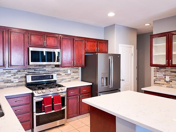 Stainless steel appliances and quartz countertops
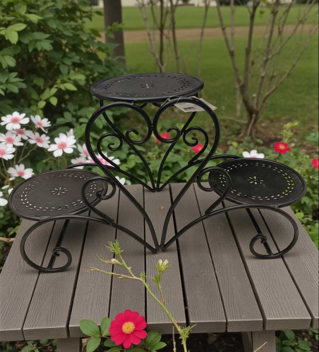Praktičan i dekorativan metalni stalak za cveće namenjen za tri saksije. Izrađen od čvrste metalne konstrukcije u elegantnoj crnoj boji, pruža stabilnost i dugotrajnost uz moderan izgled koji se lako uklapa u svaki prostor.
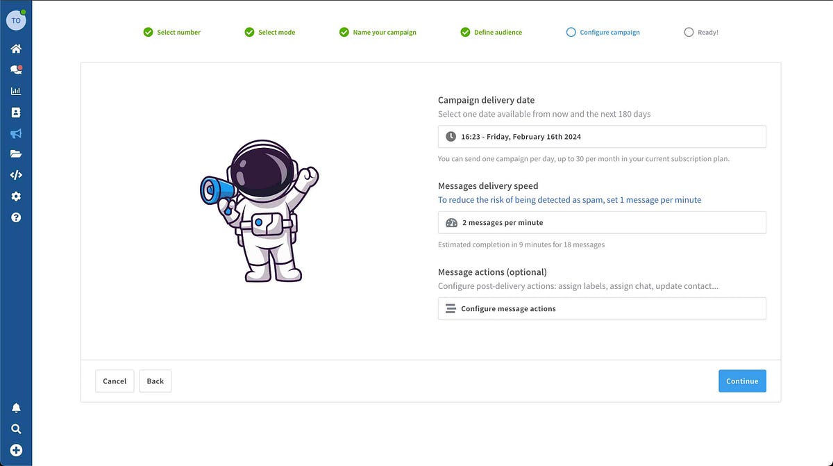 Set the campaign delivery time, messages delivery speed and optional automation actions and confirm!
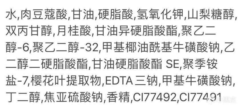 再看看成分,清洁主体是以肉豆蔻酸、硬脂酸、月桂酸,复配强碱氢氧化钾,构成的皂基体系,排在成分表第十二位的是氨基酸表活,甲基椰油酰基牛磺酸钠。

---

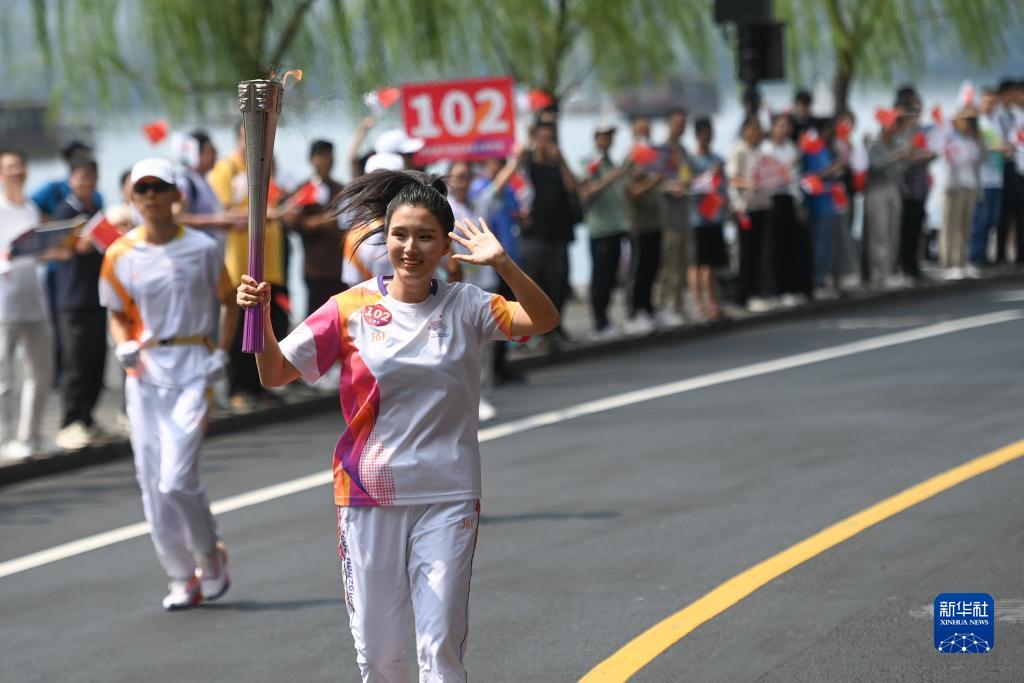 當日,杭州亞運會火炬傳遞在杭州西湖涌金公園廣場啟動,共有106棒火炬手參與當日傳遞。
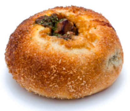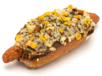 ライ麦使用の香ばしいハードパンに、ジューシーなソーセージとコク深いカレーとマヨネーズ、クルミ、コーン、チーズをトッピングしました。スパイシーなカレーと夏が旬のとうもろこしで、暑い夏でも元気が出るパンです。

==

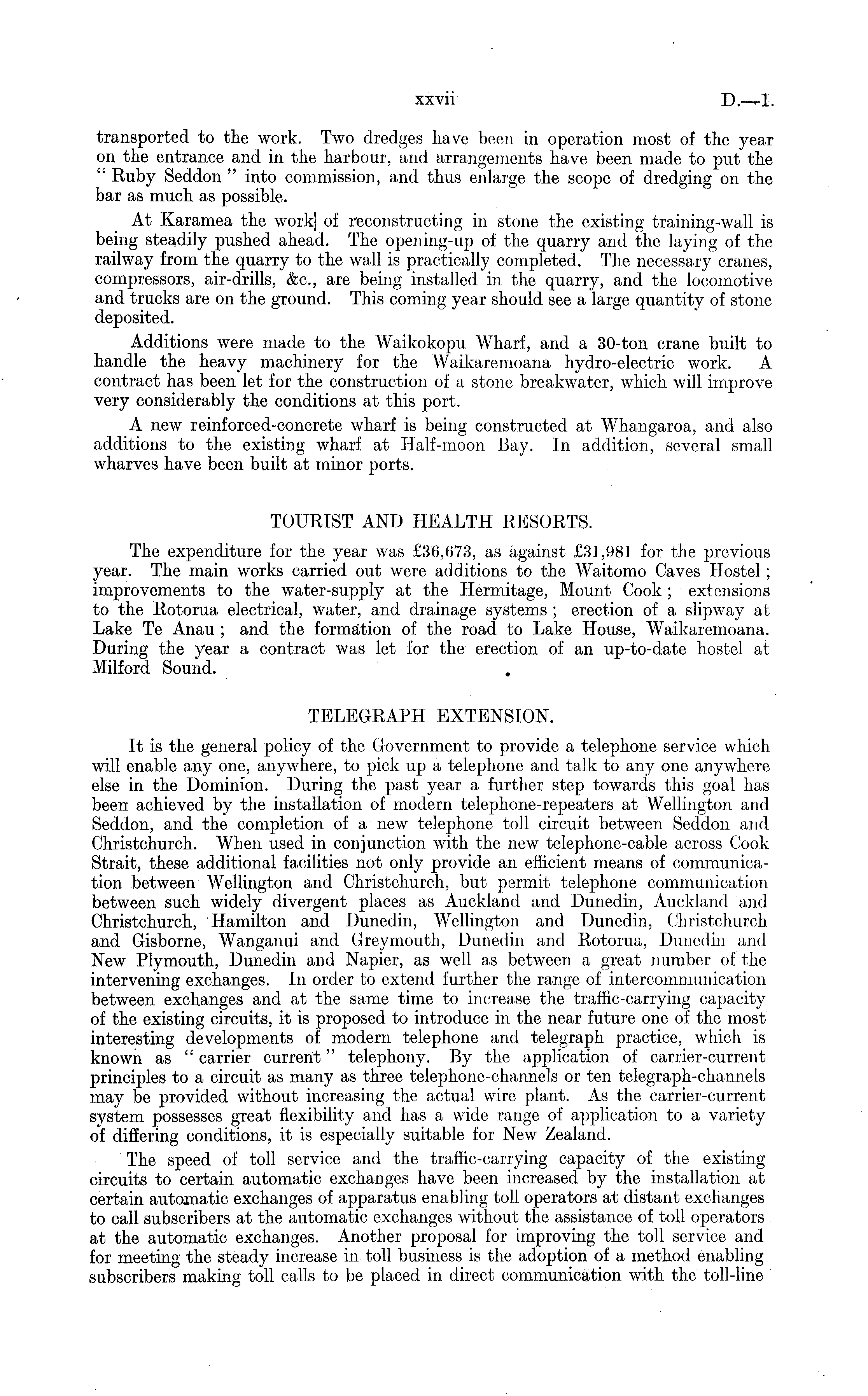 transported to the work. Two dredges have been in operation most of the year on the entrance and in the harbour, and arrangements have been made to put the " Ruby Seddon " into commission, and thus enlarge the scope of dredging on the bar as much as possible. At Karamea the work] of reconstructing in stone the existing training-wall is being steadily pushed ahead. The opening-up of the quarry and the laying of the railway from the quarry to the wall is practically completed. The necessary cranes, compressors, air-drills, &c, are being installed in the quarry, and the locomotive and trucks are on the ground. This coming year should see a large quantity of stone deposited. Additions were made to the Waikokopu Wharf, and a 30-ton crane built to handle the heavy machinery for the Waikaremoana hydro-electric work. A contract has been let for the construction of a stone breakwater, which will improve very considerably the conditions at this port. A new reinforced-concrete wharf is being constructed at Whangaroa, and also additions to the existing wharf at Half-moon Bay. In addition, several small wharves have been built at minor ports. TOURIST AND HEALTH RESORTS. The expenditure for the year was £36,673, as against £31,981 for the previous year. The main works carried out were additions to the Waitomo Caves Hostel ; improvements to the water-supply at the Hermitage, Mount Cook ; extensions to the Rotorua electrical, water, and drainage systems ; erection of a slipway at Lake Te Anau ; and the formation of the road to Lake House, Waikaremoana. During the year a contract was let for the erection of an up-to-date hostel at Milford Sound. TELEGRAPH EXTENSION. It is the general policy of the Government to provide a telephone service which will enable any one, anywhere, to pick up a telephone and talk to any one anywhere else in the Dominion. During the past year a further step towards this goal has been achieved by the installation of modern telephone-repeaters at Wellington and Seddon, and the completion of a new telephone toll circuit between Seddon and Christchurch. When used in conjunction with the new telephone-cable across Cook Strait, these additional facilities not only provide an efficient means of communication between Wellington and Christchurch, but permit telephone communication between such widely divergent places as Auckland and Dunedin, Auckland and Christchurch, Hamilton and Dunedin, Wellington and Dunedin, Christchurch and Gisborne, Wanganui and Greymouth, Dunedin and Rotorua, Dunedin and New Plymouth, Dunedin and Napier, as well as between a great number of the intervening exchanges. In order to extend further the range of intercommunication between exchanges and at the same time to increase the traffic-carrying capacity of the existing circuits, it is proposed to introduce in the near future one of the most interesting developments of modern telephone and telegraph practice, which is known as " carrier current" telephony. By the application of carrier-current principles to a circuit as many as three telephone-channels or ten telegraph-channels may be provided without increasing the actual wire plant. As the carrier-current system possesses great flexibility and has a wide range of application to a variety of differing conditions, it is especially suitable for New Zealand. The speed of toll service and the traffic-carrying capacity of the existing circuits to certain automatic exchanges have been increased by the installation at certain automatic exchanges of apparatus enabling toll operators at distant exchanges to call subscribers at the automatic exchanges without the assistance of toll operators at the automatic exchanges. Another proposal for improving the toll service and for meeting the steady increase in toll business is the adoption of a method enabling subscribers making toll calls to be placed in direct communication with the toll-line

Assigned task: Transcribe the lines above exactly, beginning at the one with "當日,杭州亞運會火炬傳遞在杭" and ending at the one with "ライ麦使用の香ばしいハードパ". Include both; exclude the pictures.

Result of this task:
 當日,杭州亞運會火炬傳遞在杭州西湖涌金公園廣場啟動,共有106棒火炬手參與當日傳遞。
 ライ麦使用の香ばしいハードパンに、ジューシーなソーセージとコク深いカレーとマヨネーズ、クルミ、コーン、チーズをトッピングしました。スパイシーなカレーと夏が旬のとうもろこしで、暑い夏でも元気が出るパンです。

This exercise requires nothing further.